EXERCISE AIM
Pictures excluded, copy all of the data below exactly.

Start of TASK DATA

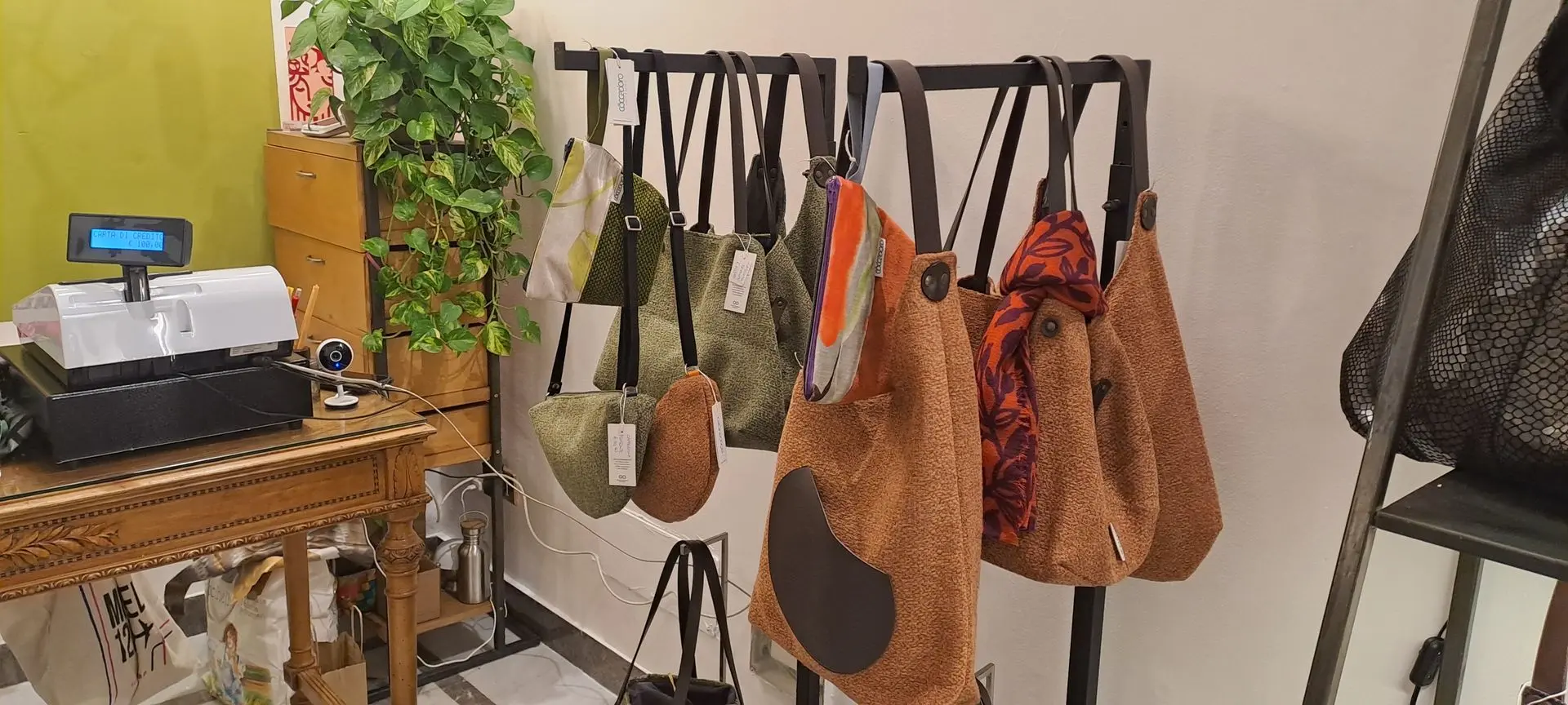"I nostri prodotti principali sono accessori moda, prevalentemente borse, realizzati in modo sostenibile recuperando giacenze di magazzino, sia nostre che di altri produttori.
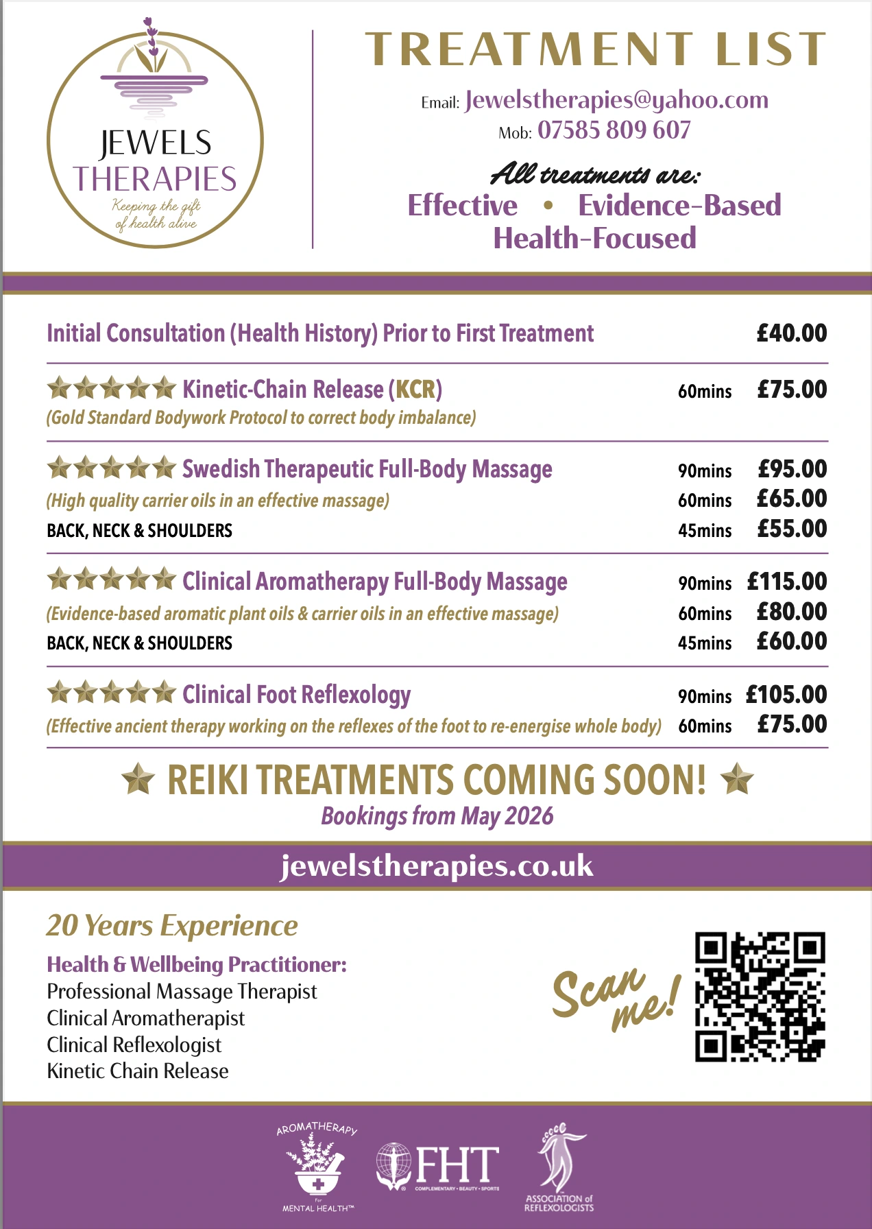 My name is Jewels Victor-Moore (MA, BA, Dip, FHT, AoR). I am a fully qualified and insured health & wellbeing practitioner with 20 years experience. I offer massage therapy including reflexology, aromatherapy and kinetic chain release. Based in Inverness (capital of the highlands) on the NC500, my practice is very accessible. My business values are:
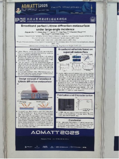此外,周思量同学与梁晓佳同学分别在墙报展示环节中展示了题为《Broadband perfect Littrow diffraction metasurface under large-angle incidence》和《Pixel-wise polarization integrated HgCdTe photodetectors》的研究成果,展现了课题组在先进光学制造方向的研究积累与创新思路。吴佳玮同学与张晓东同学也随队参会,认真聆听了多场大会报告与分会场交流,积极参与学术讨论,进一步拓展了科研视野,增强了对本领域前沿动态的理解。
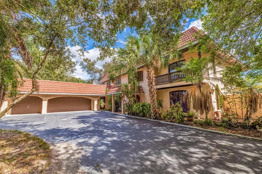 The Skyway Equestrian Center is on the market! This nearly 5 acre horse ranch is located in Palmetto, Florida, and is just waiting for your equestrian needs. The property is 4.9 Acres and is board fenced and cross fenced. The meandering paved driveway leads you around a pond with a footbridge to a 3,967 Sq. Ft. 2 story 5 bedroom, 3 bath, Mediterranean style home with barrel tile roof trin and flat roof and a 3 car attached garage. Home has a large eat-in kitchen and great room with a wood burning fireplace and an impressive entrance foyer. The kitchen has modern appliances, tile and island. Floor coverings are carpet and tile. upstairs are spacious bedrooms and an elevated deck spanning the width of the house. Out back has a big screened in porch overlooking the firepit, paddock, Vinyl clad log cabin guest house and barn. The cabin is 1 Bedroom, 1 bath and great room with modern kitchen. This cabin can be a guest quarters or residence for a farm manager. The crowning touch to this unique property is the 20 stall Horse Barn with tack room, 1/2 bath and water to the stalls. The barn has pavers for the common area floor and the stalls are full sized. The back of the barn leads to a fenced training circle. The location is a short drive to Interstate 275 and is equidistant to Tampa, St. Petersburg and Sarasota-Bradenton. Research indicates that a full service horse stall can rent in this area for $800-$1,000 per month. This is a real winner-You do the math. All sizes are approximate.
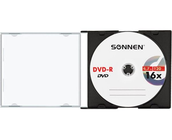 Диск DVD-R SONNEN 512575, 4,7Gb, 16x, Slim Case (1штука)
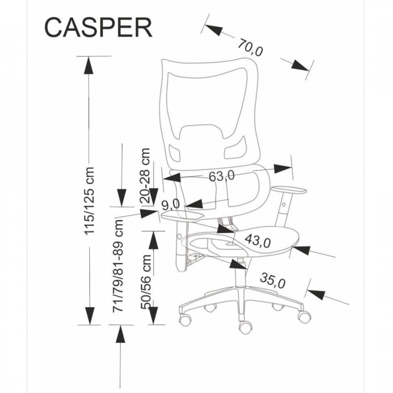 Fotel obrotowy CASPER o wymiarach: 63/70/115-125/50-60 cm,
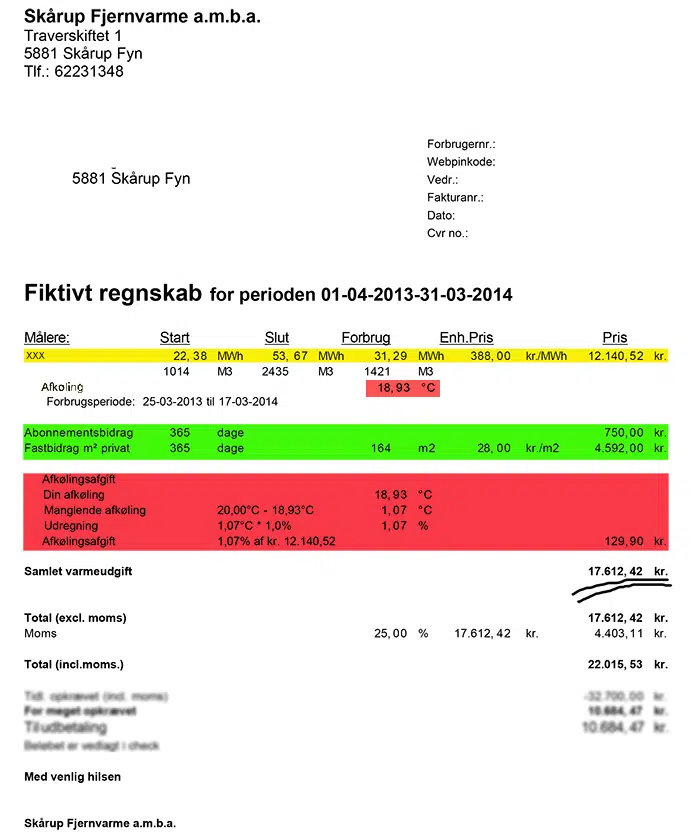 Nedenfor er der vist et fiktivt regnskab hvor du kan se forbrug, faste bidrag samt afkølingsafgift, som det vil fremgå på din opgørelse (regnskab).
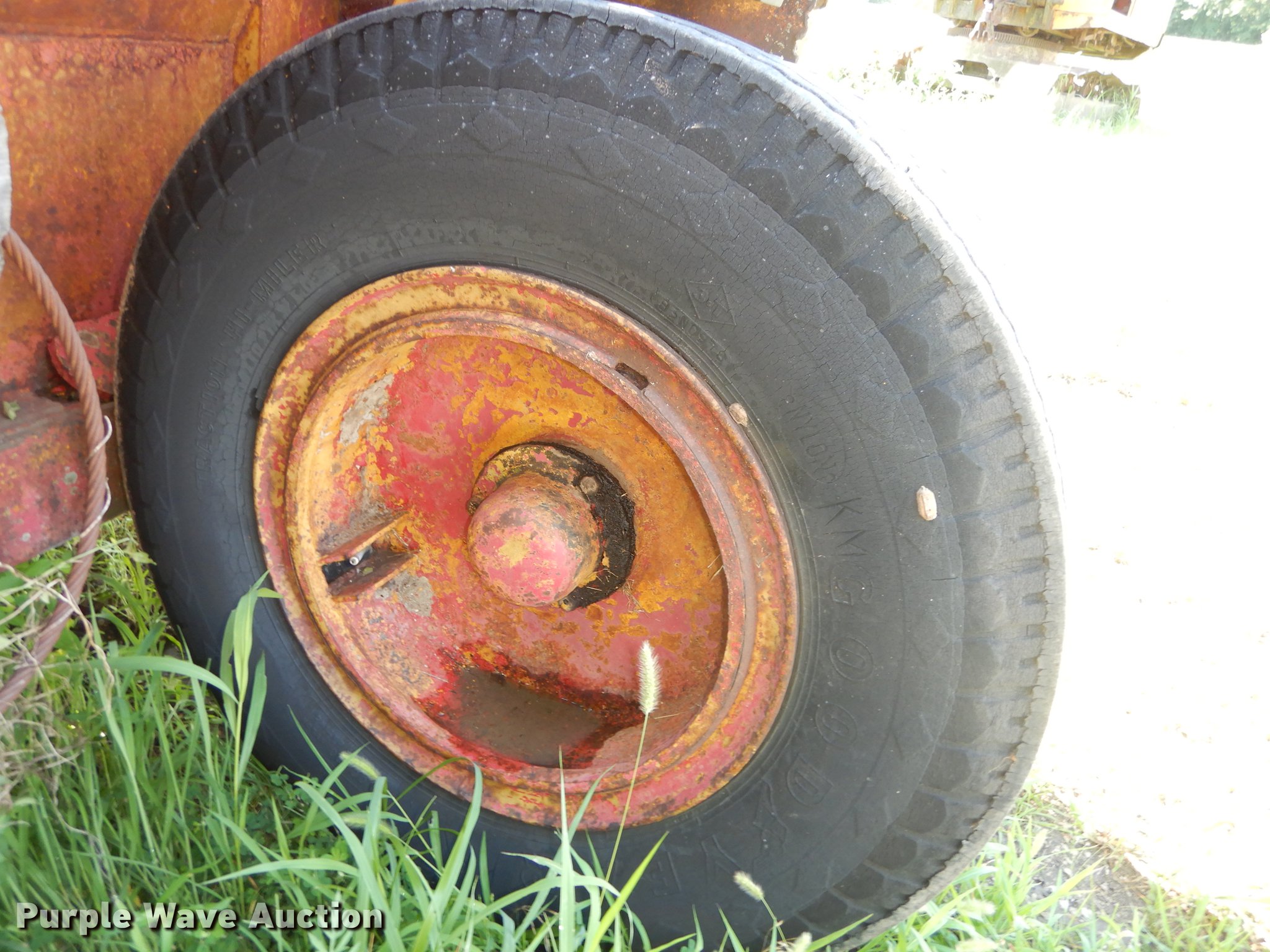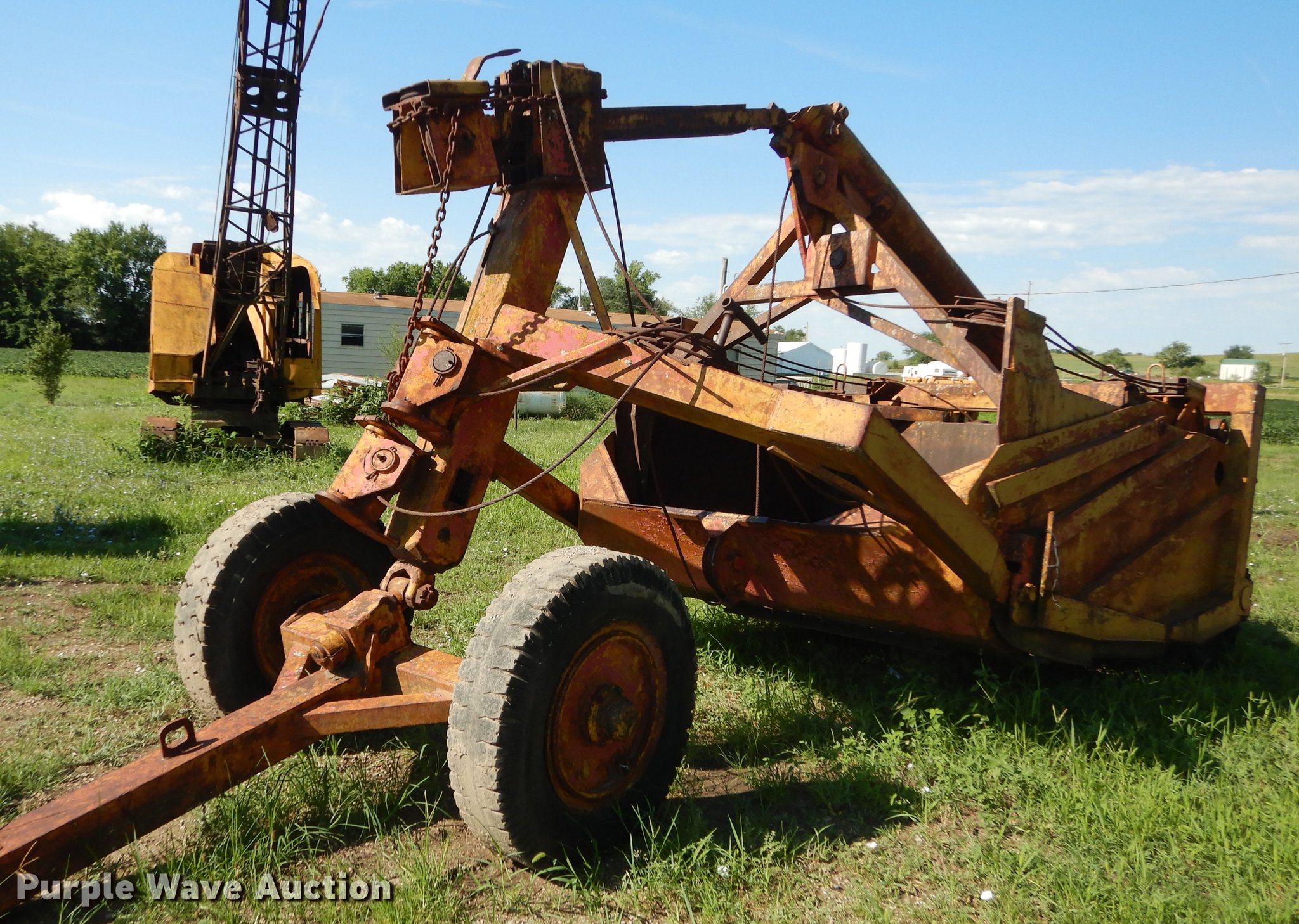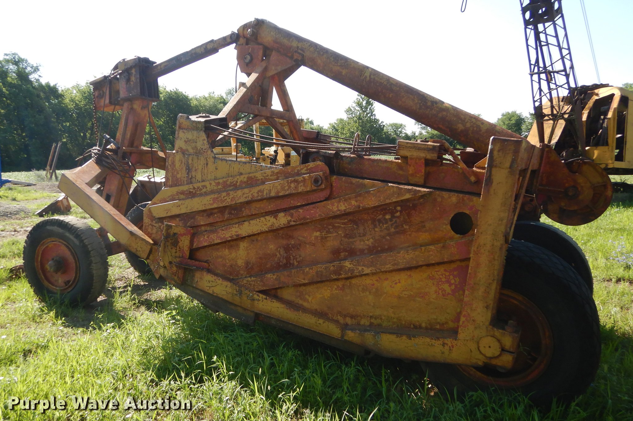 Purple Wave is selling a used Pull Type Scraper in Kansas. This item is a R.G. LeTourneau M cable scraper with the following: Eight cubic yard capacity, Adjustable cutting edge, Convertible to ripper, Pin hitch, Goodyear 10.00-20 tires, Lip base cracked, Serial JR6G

End of TASK DATA

EXPECTED ANSWER
"I nostri prodotti principali sono accessori moda, prevalentemente borse, realizzati in modo sostenibile recuperando giacenze di magazzino, sia nostre che di altri produttori.
 My name is Jewels Victor-Moore (MA, BA, Dip, FHT, AoR). I am a fully qualified and insured health & wellbeing practitioner with 20 years experience. I offer massage therapy including reflexology, aromatherapy and kinetic chain release. Based in Inverness (capital of the highlands) on the NC500, my practice is very accessible. My business values are:
此外,周思量同学与梁晓佳同学分别在墙报展示环节中展示了题为《Broadband perfect Littrow diffraction metasurface under large-angle incidence》和《Pixel-wise polarization integrated HgCdTe photodetectors》的研究成果,展现了课题组在先进光学制造方向的研究积累与创新思路。吴佳玮同学与张晓东同学也随队参会,认真聆听了多场大会报告与分会场交流,积极参与学术讨论,进一步拓展了科研视野,增强了对本领域前沿动态的理解。
 The Skyway Equestrian Center is on the market! This nearly 5 acre horse ranch is located in Palmetto, Florida, and is just waiting for your equestrian needs. The property is 4.9 Acres and is board fenced and cross fenced. The meandering paved driveway leads you around a pond with a footbridge to a 3,967 Sq. Ft. 2 story 5 bedroom, 3 bath, Mediterranean style home with barrel tile roof trin and flat roof and a 3 car attached garage. Home has a large eat-in kitchen and great room with a wood burning fireplace and an impressive entrance foyer. The kitchen has modern appliances, tile and island. Floor coverings are carpet and tile. upstairs are spacious bedrooms and an elevated deck spanning the width of the house. Out back has a big screened in porch overlooking the firepit, paddock, Vinyl clad log cabin guest house and barn. The cabin is 1 Bedroom, 1 bath and great room with modern kitchen. This cabin can be a guest quarters or residence for a farm manager. The crowning touch to this unique property is the 20 stall Horse Barn with tack room, 1/2 bath and water to the stalls. The barn has pavers for the common area floor and the stalls are full sized. The back of the barn leads to a fenced training circle. The location is a short drive to Interstate 275 and is equidistant to Tampa, St. Petersburg and Sarasota-Bradenton. Research indicates that a full service horse stall can rent in this area for $800-$1,000 per month. This is a real winner-You do the math. All sizes are approximate.
 Диск DVD-R SONNEN 512575, 4,7Gb, 16x, Slim Case (1штука)
 Fotel obrotowy CASPER o wymiarach: 63/70/115-125/50-60 cm,
 Nedenfor er der vist et fiktivt regnskab hvor du kan se forbrug, faste bidrag samt afkølingsafgift, som det vil fremgå på din opgørelse (regnskab).
 Purple Wave is selling a used Pull Type Scraper in Kansas. This item is a R.G. LeTourneau M cable scraper with the following: Eight cubic yard capacity, Adjustable cutting edge, Convertible to ripper, Pin hitch, Goodyear 10.00-20 tires, Lip base cracked, Serial JR6G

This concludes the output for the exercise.